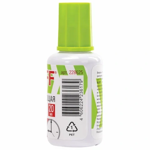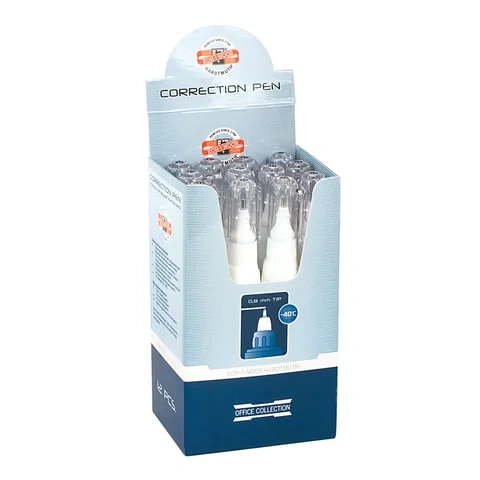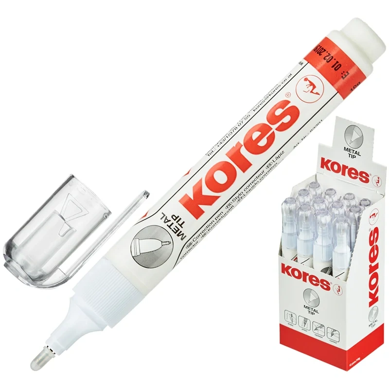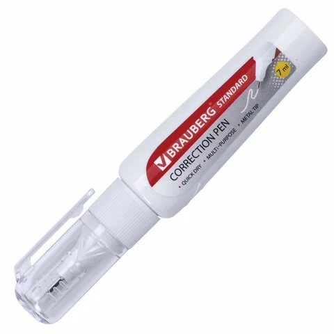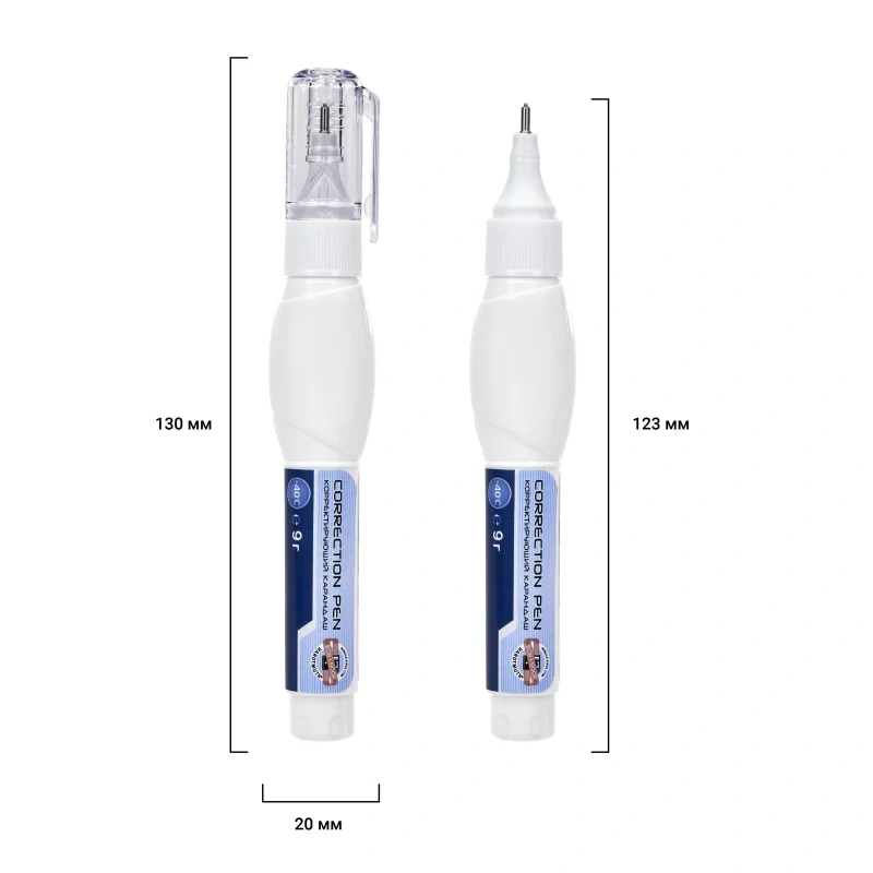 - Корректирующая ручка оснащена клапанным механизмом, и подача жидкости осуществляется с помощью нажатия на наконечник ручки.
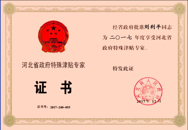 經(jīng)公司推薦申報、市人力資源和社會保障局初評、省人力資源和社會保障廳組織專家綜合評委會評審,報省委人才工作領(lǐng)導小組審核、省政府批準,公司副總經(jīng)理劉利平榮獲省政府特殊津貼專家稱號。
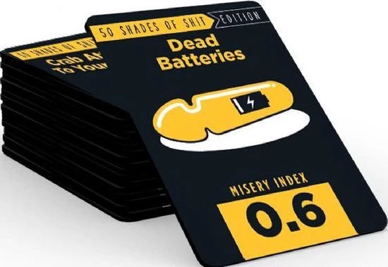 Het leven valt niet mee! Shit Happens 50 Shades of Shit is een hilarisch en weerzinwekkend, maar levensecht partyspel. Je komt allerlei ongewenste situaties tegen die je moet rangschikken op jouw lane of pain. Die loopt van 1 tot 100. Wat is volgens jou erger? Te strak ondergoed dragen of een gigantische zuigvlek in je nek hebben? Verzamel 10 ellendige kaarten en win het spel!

* _WHAT THIS TASK INVOLVES_: In the data, the line that contains "經(jīng)公司推薦申報、" begins the part to write out; restate it and each line after it word for word through the end, with no pictures.

* _WRITTEN RESPONSE_:
 經(jīng)公司推薦申報、市人力資源和社會保障局初評、省人力資源和社會保障廳組織專家綜合評委會評審,報省委人才工作領(lǐng)導小組審核、省政府批準,公司副總經(jīng)理劉利平榮獲省政府特殊津貼專家稱號。
 Het leven valt niet mee! Shit Happens 50 Shades of Shit is een hilarisch en weerzinwekkend, maar levensecht partyspel. Je komt allerlei ongewenste situaties tegen die je moet rangschikken op jouw lane of pain. Die loopt van 1 tot 100. Wat is volgens jou erger? Te strak ondergoed dragen of een gigantische zuigvlek in je nek hebben? Verzamel 10 ellendige kaarten en win het spel!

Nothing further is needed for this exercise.